Reputation: 93
I need to merge two lists in Prolog. On input should be predicate merge/3
.
Should work like this:
?- merge([6,4,b,8], [5,b,s,6], X).
X = [6, 4, b, 8, 5, s].
What I have tried:
%rules
merge(A, B, X):-
merge(A, B, B, X).
merge([], X, _, X).
merge([Head|L1], [Head|L2], Tmp, [Head|X]) :-
merge(L1, L2, Tmp, X),
!.
merge(L1, [_|L2], Tmp, X) :-
merge(L1, L2, Tmp, X),
!.
merge([A|L1], [], Tmp, [A|X]) :-
merge(L1, Tmp, Tmp, X),
!.
What I get:
?- merge([1,2,a,3], [5,d,a,1], X).
X = [1, 2, a, 3, 5, d, a, 1].
What I expect:
?- merge([1,2,a,3], [5,d,a,1], X).
X = [1, 2, a, 3, 5, d].
Upvotes: 0
Views: 3990
Reputation: 5645
This can be done by rewriting built-in predicates ! e.g :
my_append([], R, R) .
my_append([H|T], R1, [H|R2]) :-
my_append(T, R1, R2).
my_member(H, [H|_]).
my_member(H, [_|T]) :-
my_member(H, T).
So, I can say that merging L with an empty list gives this list L
merge(L, [], L).
Now, to merge two lists, I look at the first element of the second list.

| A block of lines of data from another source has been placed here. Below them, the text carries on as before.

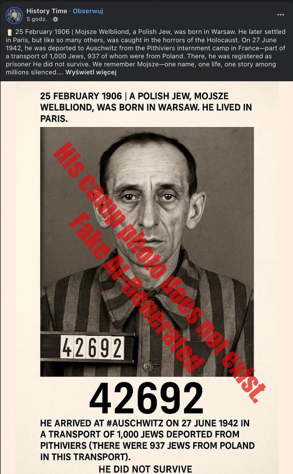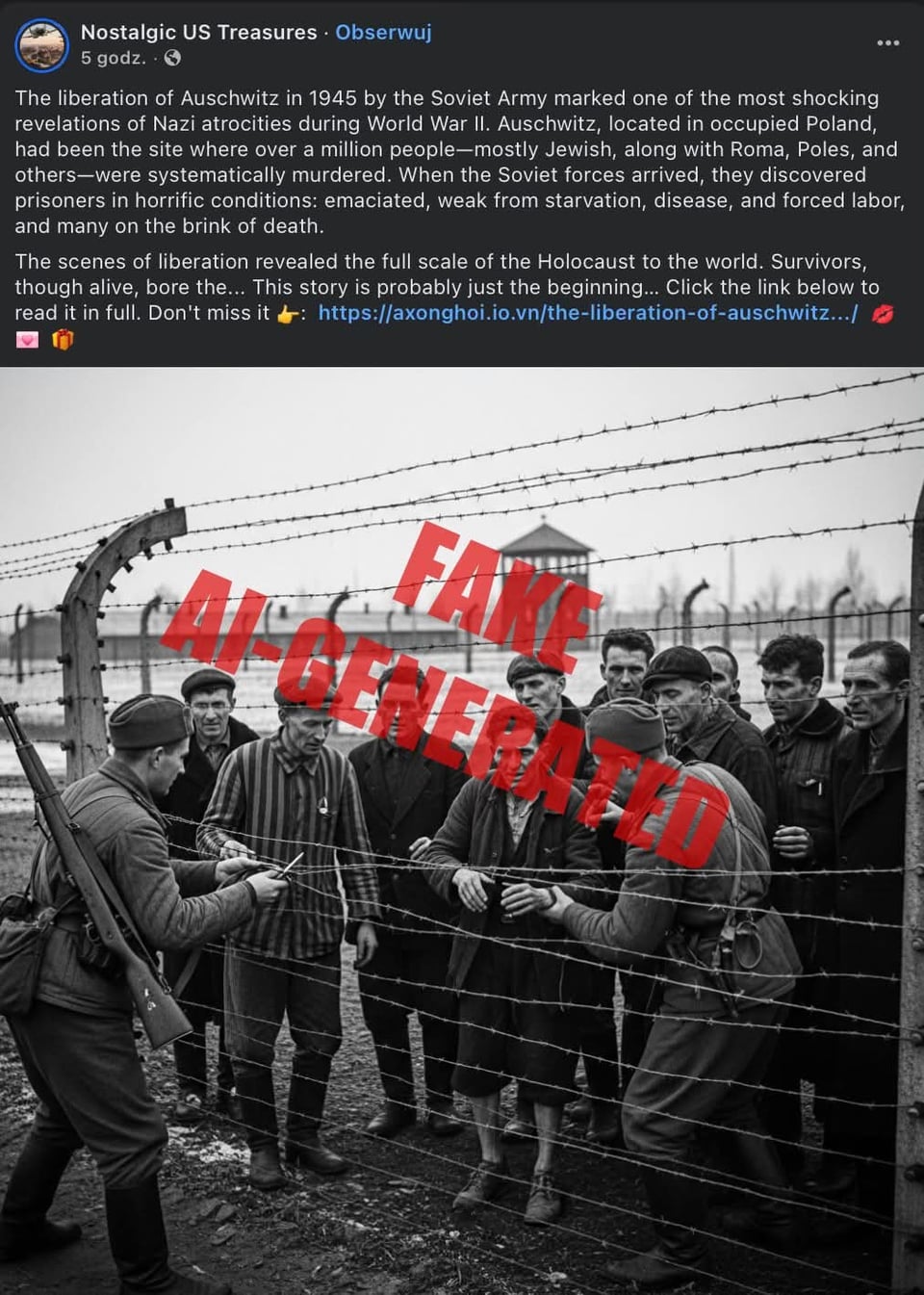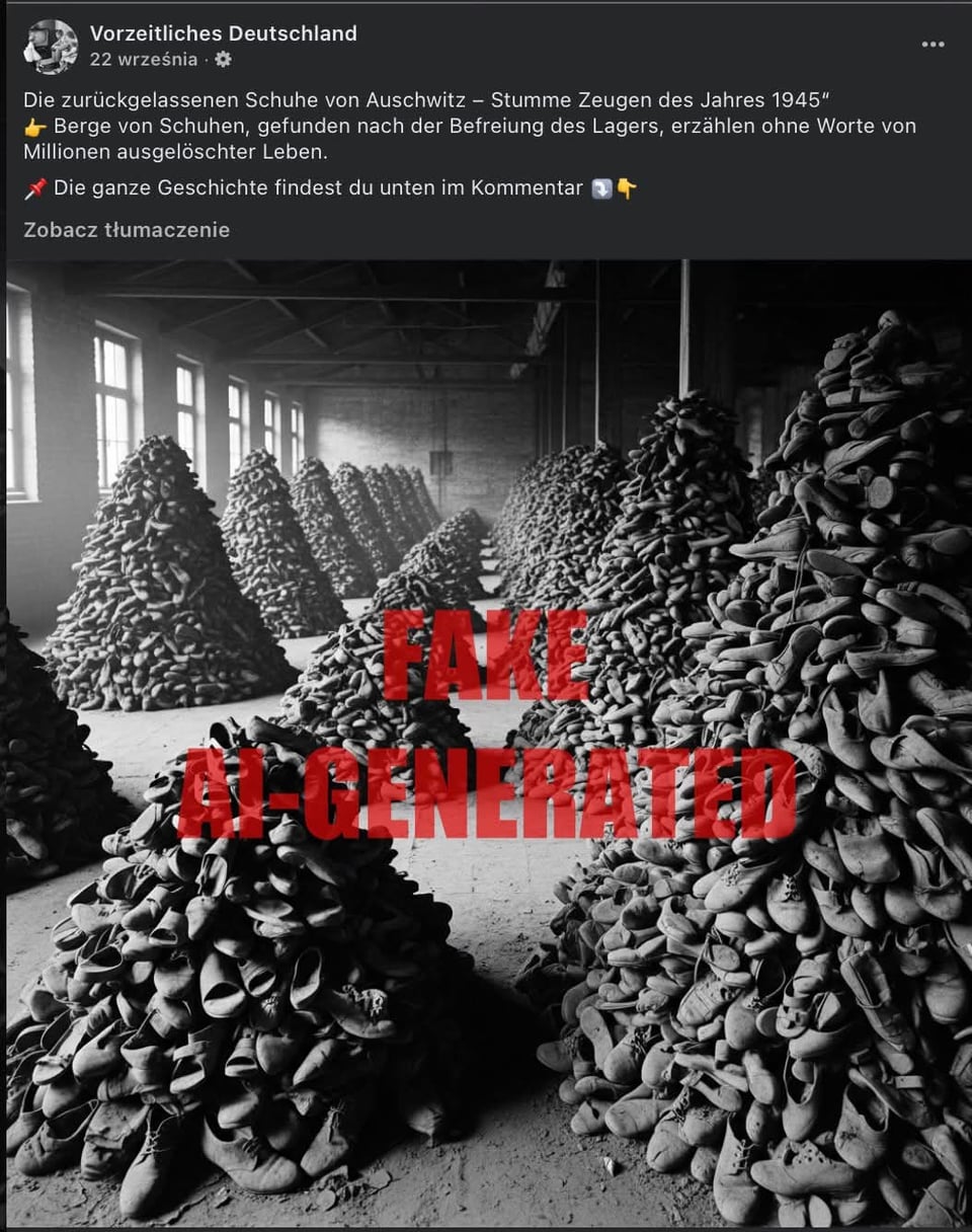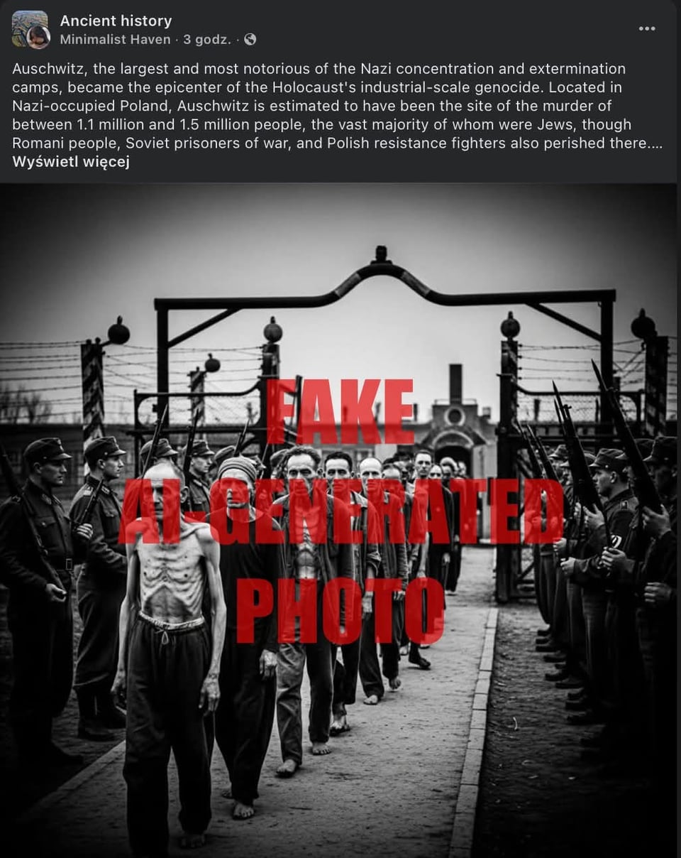 debilní je, že existuje plno skutečných materiálů, ale dost lidí táhne na takový ty správně smutný obrázky, třeba portréty ženských oběti jsou hezčí a mladší, muži mají řezanější tváře, fotky ostrý… často to ani nedává smysl, post o transportu? yes, dáme tam normální vlak a ne dobytčák, i když se pro tenhle konkrétní transport používal, post o knězích v odboji? bez vygenerovanýho videjka, kde muži šlapou v koncentráku do schodů v civilních hadrech, to nedává smysl apod.
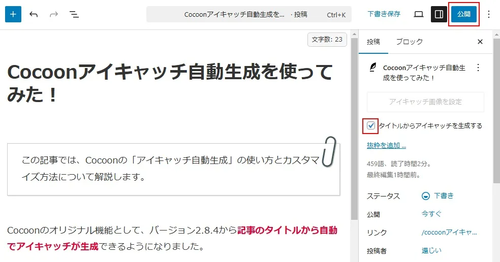 投稿画面で、右の「投稿」タブにある「タイトルからアイキャッチを生成する」にチェックをつけて、「公開」を2回クリックして公開(保存)します。
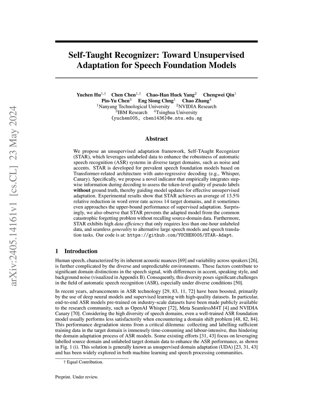 We propose an unsupervised adaptation framework, Self-TAught Recognizer (STAR), which leverages unlabeled data to enhance the robustness of automatic speech recognition (ASR) systems in diverse target domains, such as noise and accents. STAR is developed for prevalent speech foundation models based on Transformer-related architecture with auto-regressive decoding (e.g., Whisper, Canary). Specifically, we propose a novel indicator that empirically integrates step-wise information during decoding to assess the token-level quality of pseudo labels without ground truth, thereby guiding model updates for effective unsupervised adaptation. Experimental results show that STAR achieves an average of 13.5% relative reduction in word error rate across 14 target domains, and it sometimes even approaches the upper-bound performance of supervised adaptation. Surprisingly, we also observe that STAR prevents the adapted model from the common catastrophic forgetting problem without recalling source-domain data. Furthermore, STAR exhibits high data efficiency that only requires less than one-hour unlabeled data, and seamless generality to alternative large speech models and speech translation tasks. Our code aims to open source to the research communities.
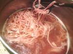 Once the strip of dough is nice and thin, pass it through the cutters to get tagliatelle or spaghetti (depending on your machine).
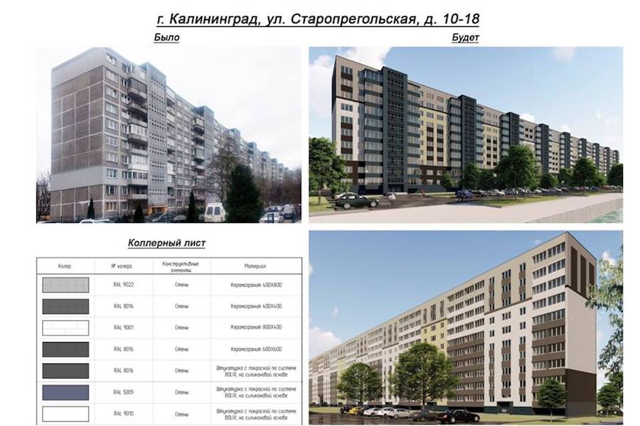 Оксана Астахова говорила корреспонденту «Нового Калининграда», что эти дома не собираются стилизовать «под старину», как это было с хрущевками на Ленинском проспекте, а планируют придать им «совершенно новый облик».
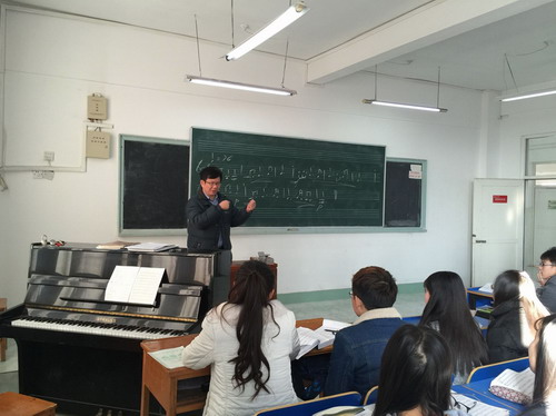 课堂上,于淦老师在讲授《视唱练耳1》课过程中,注重示范,语言生动活泼,与学生互动性强。王副校长与同学们一起聚精会神地听课,并做了认真地听课记录。
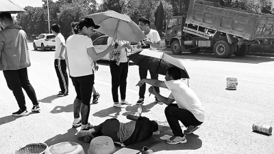 河南一老人遇车祸躺在路中间 省委政研室十几名年轻干部撑伞守候
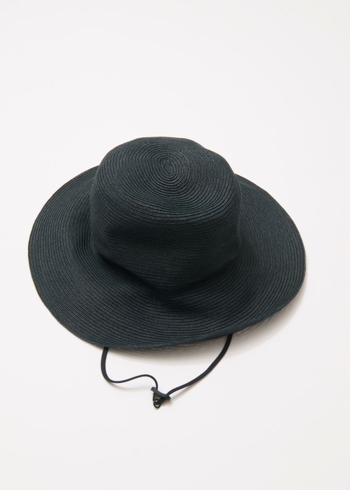 「こちらはストローハットで、UVプロテクト(UPF50+、紫外線カット率95%以上)機能を備えたもの。風で帽子が飛んじゃうこともあるし、あごヒモがついてるのって地味に嬉しいです。アウトドアシーンではもちろん、自転車に乗るときなんかにも安心ですよね。あと、コンパクトに折り畳めて、持ち運びできるのも魅力的。見ためもシンプルでかぶりやすいです」
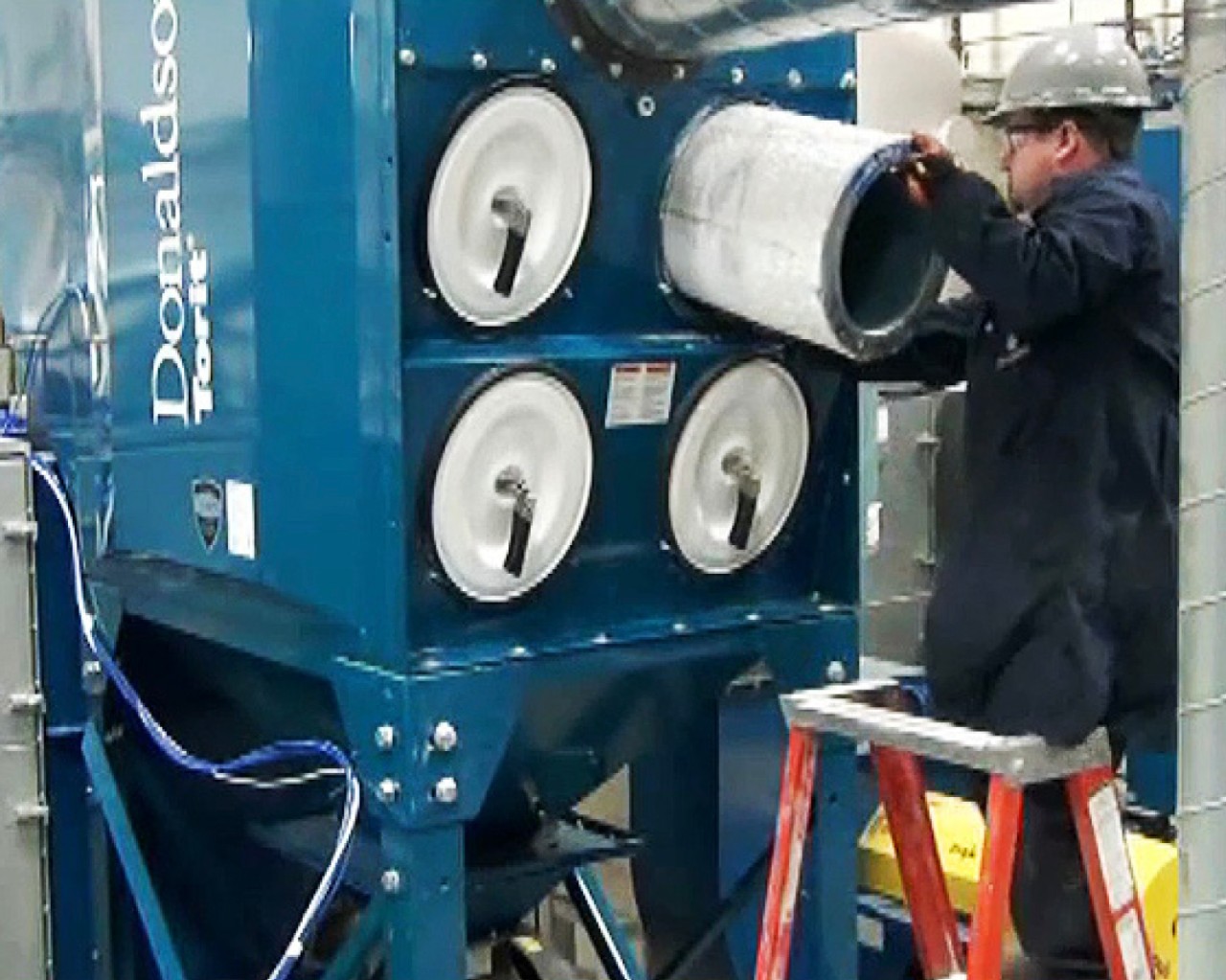 Наконец, процесс замены фильтра в пылесборнике с нисходящим потоком предполагает более простую замену элементов и меньшее вредное воздействие уловленных загрязнений на оператора, чем в пылесборнике более старой конструкции с вертикально подвешенными фильтрами. У пылесборника с нисходящим потоком обычно имеются крышки, обеспечивающие доступ только к нескольким картриджам одновременно. Это может быть большим преимуществом, если пылесборник находится на улице, в месте, подверженном воздействию ветра. Для старых пылесборников с вертикально подвешенными фильтрами, как правило, требуются большие дверцы доступа, при открытии которых весь объем загрязненного воздуха начинает воздействовать на оператора и прилегающую зону.

If it is in the first list, I ignore it and I merge the first list, with the rest of the second.
If not, I add this first element at the end of the first list and I merge the new first list with the rest of the second.
I must say that it's not very efficient !!
merge(L, [H| T], R) :-
( my_member(H, L)
-> merge(L, T, R)
; my_append(L, [H], L1),
merge(L1, T, R)).
Upvotes: 1
Reputation:
If the order of the elements does not somehow depend on the order of the two input lists, this is an idiomatic Prolog solution:
?- append([6,4,b,8], [5,b,s,6], A), sort(A, B).
A = [6, 4, b, 8, 5, b, s, 6],
B = [4, 5, 6, 8, b, s].
If the order is important, you need to explain how exactly.
And some comments on the code you show. The names that you have chosen for your predicates: both "join" and "merge" have well-established meanings different from what you seem to be attempting to achieve ("join" as in relational databases, "merge" as in "merge two ordered lists"). What you are doing is rather a "union" (and by the way, click on this link and read the code!).
Also, it is almost always a mistake (not an error, but a mistake) to have a cut as the last subgoal of a clause body. Having multiple clauses to a predicate that are not obviously mutually exclusive (as the last 3 of the 4 clauses to your merge/4
) is commonly a design flaw (not a mistake).